1 hour ago, porina said:

As covered before, GPU is not appropriate for all code, even if it appears parallel-able. Data dependencies remain a sticking point, and while GPUs excel in more trivally parallel code, it doesn't work for everything. Something kinda in between a CPU and a GPU might be interesting. I think it was in a different thread, I suggested on possible avenue companies might take in future are simpler CPU cores, but have a lot more of them. Core complexity will still be more CPU-like, but scale more GPU-like.
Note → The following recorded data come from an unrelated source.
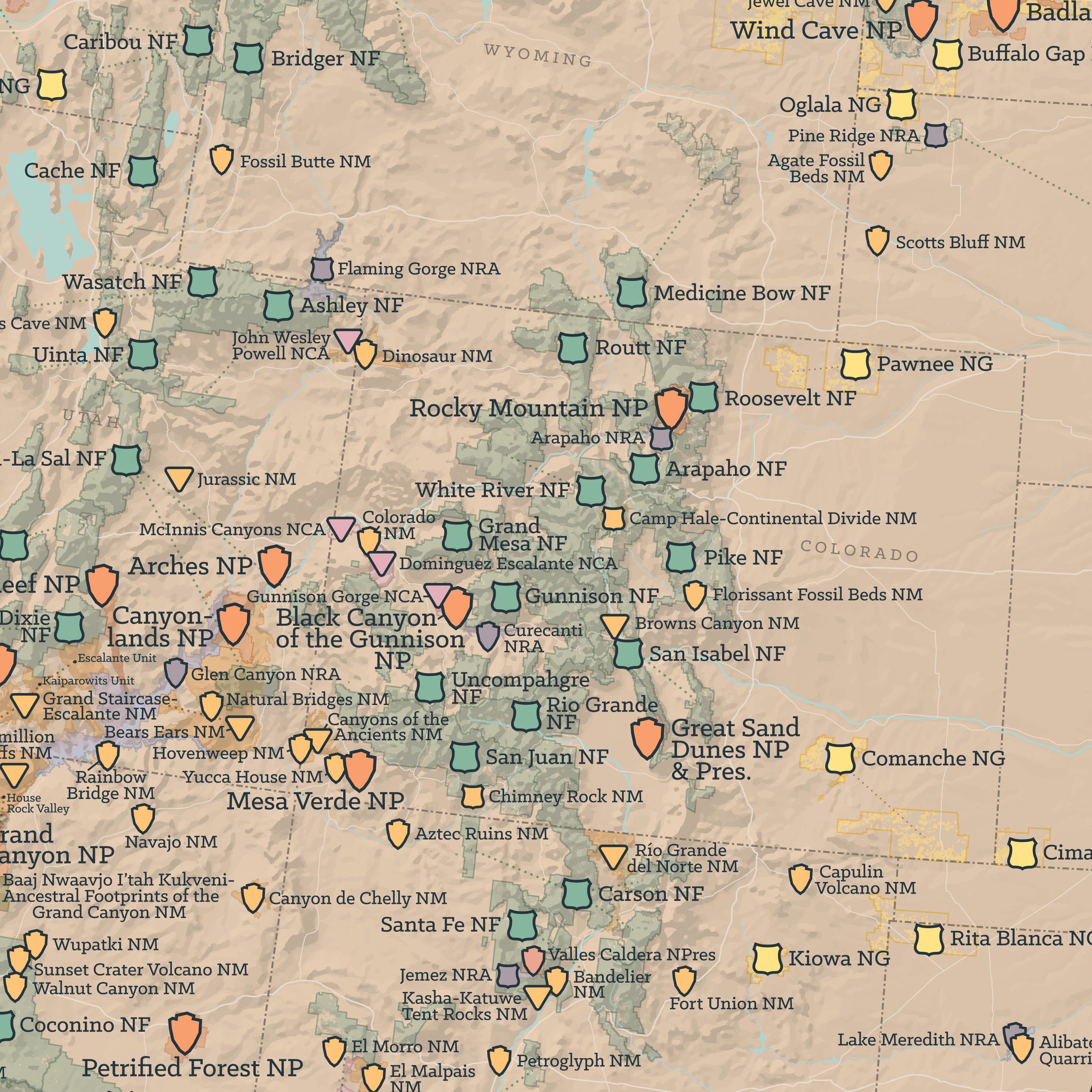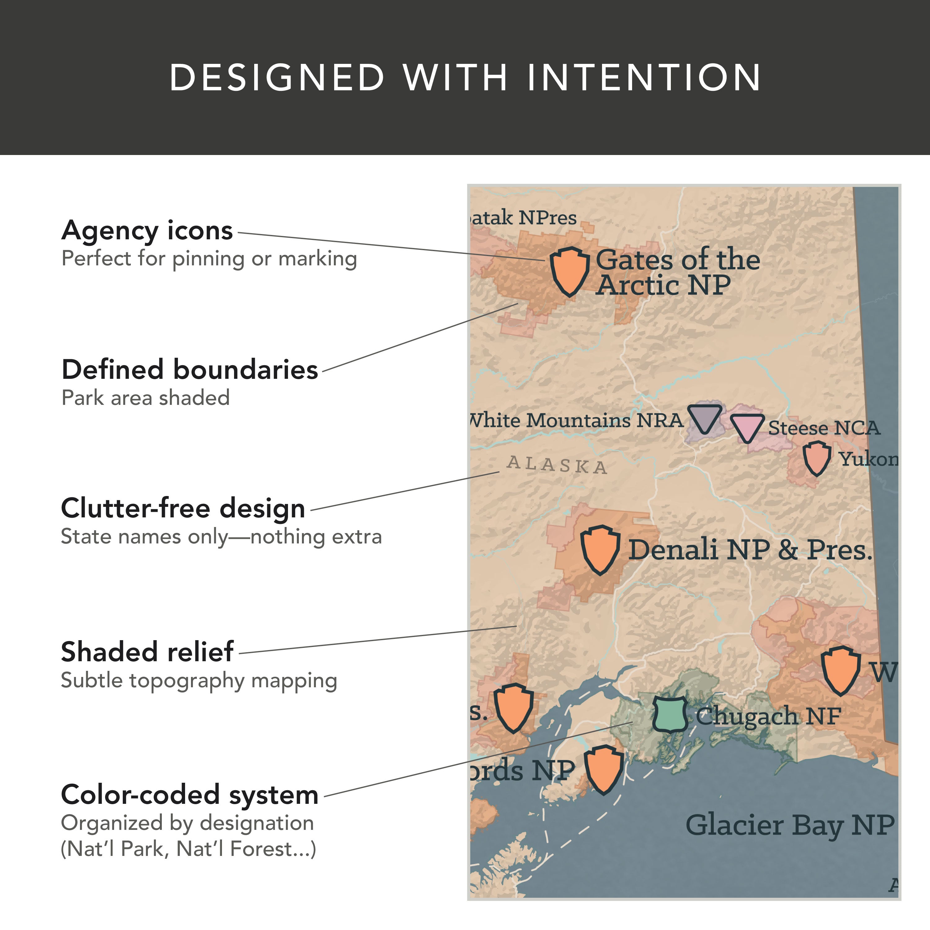 If you’re looking for a more complete representation—including Bureau of Land Management (BLM), Fish & Wildlife Service areas, and additional federal units—we recommend our Interagency Federal Lands Map so you aren't missing anything!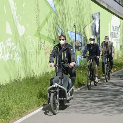Bergisch Gladbach – Also wirklich, diese „Gässleflitzer“ aus Freiburg als elektrische Lastenfahrräder zu bezeichnen, ist eine große Untertreibung. Sie sind sogenannte Cargo-(Fracht)-E-Bikes, ein Zwitter zwischen Rad, Tretroller und Auto. Sie haben vier Räder, eine Kabine für den Wetterschutz und können bis zu 200 Kilo transportieren. Und zwei von ihnen werden schon bald auf Bergisch Gladbachs Straßen zu sehen sein: als Teil der städtischen Mobilitätsflotte, unter anderen für die Kollegen der Abfallwirtschaft. Das ist seit Juni politischer Beschluss. Durchgesetzt von der Mehrheitskooperation aus Grünen, SPD und FDP gegen die CDU. 17.000 Euro investiert die Stadt pro Rad.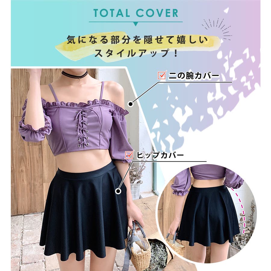 水着体型カバー オフショルダー 大きいサイズ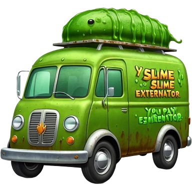 Heroic SuperBug Ron’s slime-oozing exterminator antique tall moving van hot rod(motto: We come You pay) emoji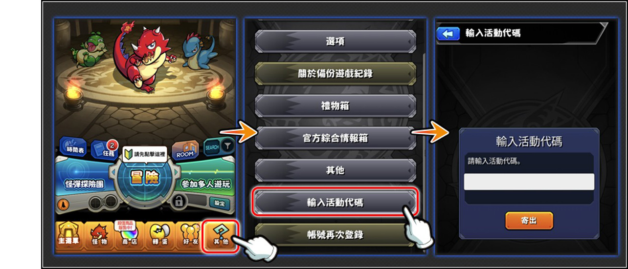 • 怪物彈珠虛寶兌換方式:【1】請複製「虛寶序號」【2】從《怪物彈珠》主畫面點選「其他」【3】點選「輸入活動代碼」【4】輸入「虛寶序號」後點選「寄出」即可!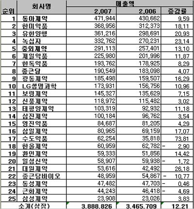 15일 데일리팜이 12월 결산 상장제약사 25곳의 2007년 3분기 매출현황을 집계한 결과, 평균 12.221%의 매출 성장률을 보인것으로 조사됐다. 영업이익은 4.91%성장했으며 순이익은 7.26% 마이너스 성장했다.

I never did understand why simpler FPGA PCIe cards haven't caught on. I know they're expensive now, but isn't that due to economies of scale? Seems to me that if you need to run some specialized code but not quite justify an ASIC (because those are really expensive), why not flash an FPGA and dedicate the app to it for that one instruction? Or better yet, have an FPGA core along side all the others in one CPU package.

Link to comment
Share on other sites

Link to post
Share on other sites

38 minutes ago, StDragon said:

I never did understand why simpler FPGA PCIe cards haven't caught on. I know they're expensive now, but isn't that due to economies of scale? Seems to me that if you need to run some specialized code but not quite justify an ASIC (because those are really expensive), why not flash an FPGA and dedicate the app to it for that one instruction? Or better yet, have an FPGA core along side all the others in one CPU package.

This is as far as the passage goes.